Là où les deux films ruraux sont organisés autour de la cellule familiale, Domino et Southland Tales moquent ce schéma classique : la famille de Domino constituée de sa seule mère qu'elle nous présente comme arriviste, Lateesha Rodriguez qui se revendique la grand-mère afro-latino la plus jeune des Etats-Unis, la belle-famille calculatrice de Boxer Santaros pour qui seules comptent les apparences.
Plutôt qu'aux familles structurées, les deux films font la part belle à des groupes de personnages marginaux : à la bande hétéroclite de Claremont dans Domino qui tente de sauver la petite fille de Lateesha répond le groupe tragi-comique des néo-marxistes de Southland Tales qui essayent pathétiquement de monter une opération visant à discréditer la police de Los Angeles aux yeux de l'opinion publique...

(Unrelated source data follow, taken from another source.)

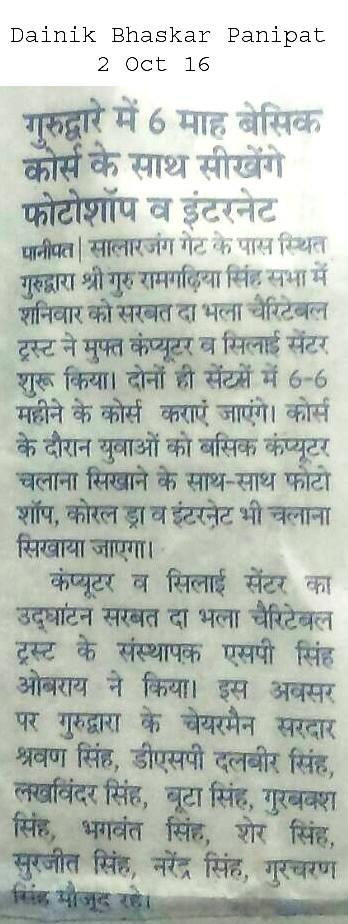 Sarbat Da Bhala Charitable Trust Opened Computer center & Sewing Center at Gurudwara Ramgarhia Singh Sabha at Salarganj Panipat state Haryana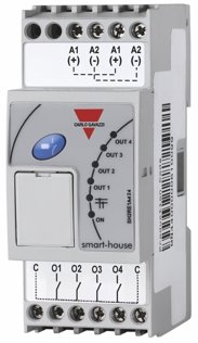 DIN relay output module to control AC or DC rollerblind motors that has been developed to be connected to and controlled by the smart-house system controllers.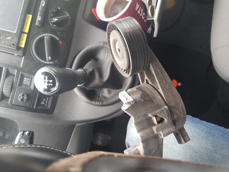 Beetje pech, op de terug reis vanmiddag op de tolweg bij Blois in Frankrijk ging ineens het accu lampje branden en deed de stuurbekrachtiging het niet meer. Vlak bij een pompstation gelukkig dus even door gereden. Ik denk multiriem gebroken, raar, is 14000 km geleden vernieuwd.
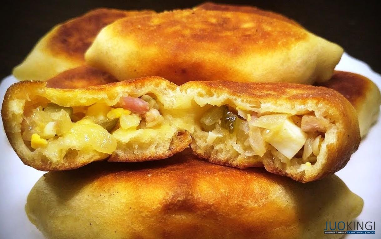 Kefyro tešla yra labai minkšta ir puri, puikiai išlaiko formą, o įdarą galite rinktis kokį tik norite. Aš jį gaminsiu su svogūnų ir mėsos įdaru.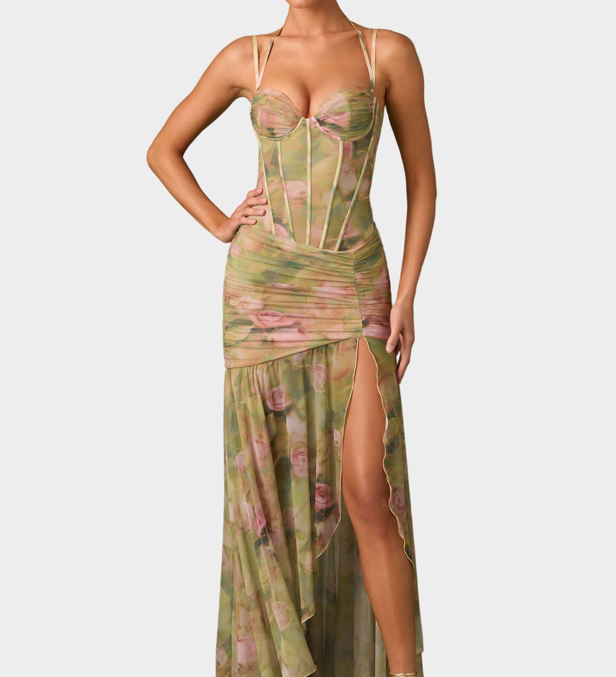 Dolga obleka z elegantnim in izpopolnjenim korzetom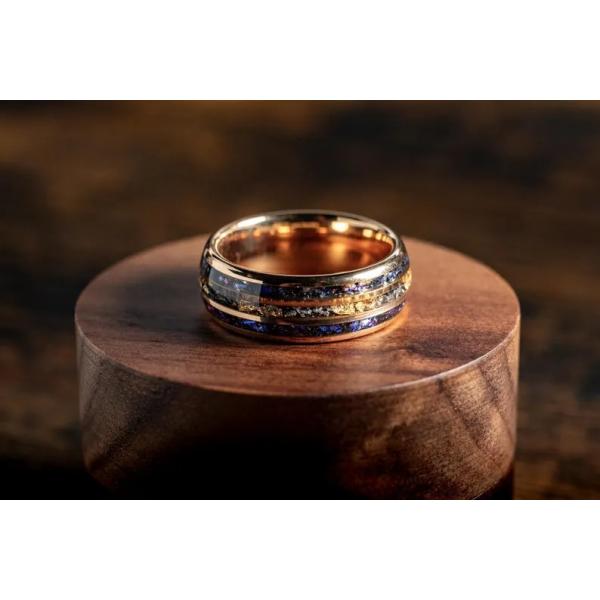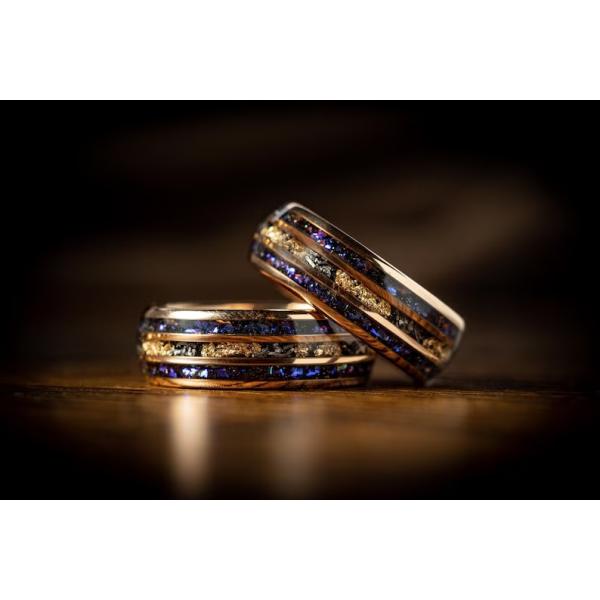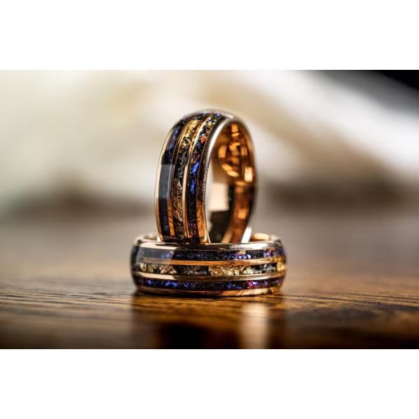 8mm メンズ リング 宇宙風 ゴールド箔入り ブラック ミッドナイト タングステン風 ステンレス指輪 ギャラクシーデザイン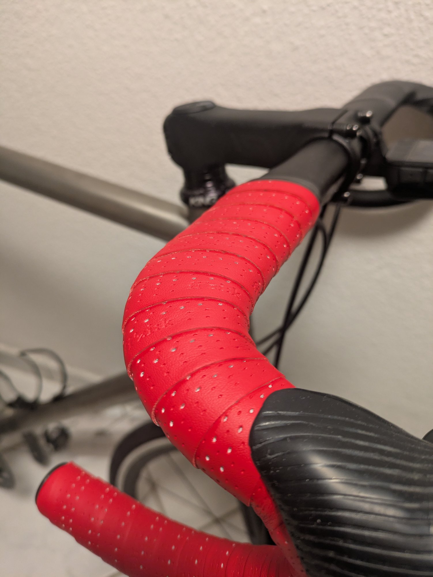 Meine ersten Versuche mit orangem Lenkerband. Warum der Vorbau so weit draußen und der Schnellspanner vorn verkehrt herum ist, weiß vermutlich nur der Vorbesitzer. Lang ists her...

La célébrité y est hautement valorisée : le groupe néo-marxiste veut se servir de Boxer Santaros pour légitimer leur vidéo, tandis que dans Domino, les deux anciennes vedettes de Beverly Hills se présentent dans la scène finale comme "des célébrités en otage, parce qu'il paraît que les gens se tirent pas dessus quand des célébrités sont là".

Les deux films se terminent par des explosions : celle du zeppelin dans Southland Tales sous fond d'émeute urbaine et celle du dernier étage d'un palace de Las Vegas dans Domino, ces destructions de lieux élevés symboles de la classe dirigeante dénotent bien les aspirations au changement qu'on trouve dans les films de Kelly.
Tous se réfèrent de manière plus ou moins directe à l'apocalypse, mais c'est en fait l'éclatement d'un système, ou plutôt l'éclatement des cellules qui le composent qui est ici prophétisé, anéanties par un désir d'émancipation intime par rapport à la morale, frustrées face à l'inconsistance de leurs vies.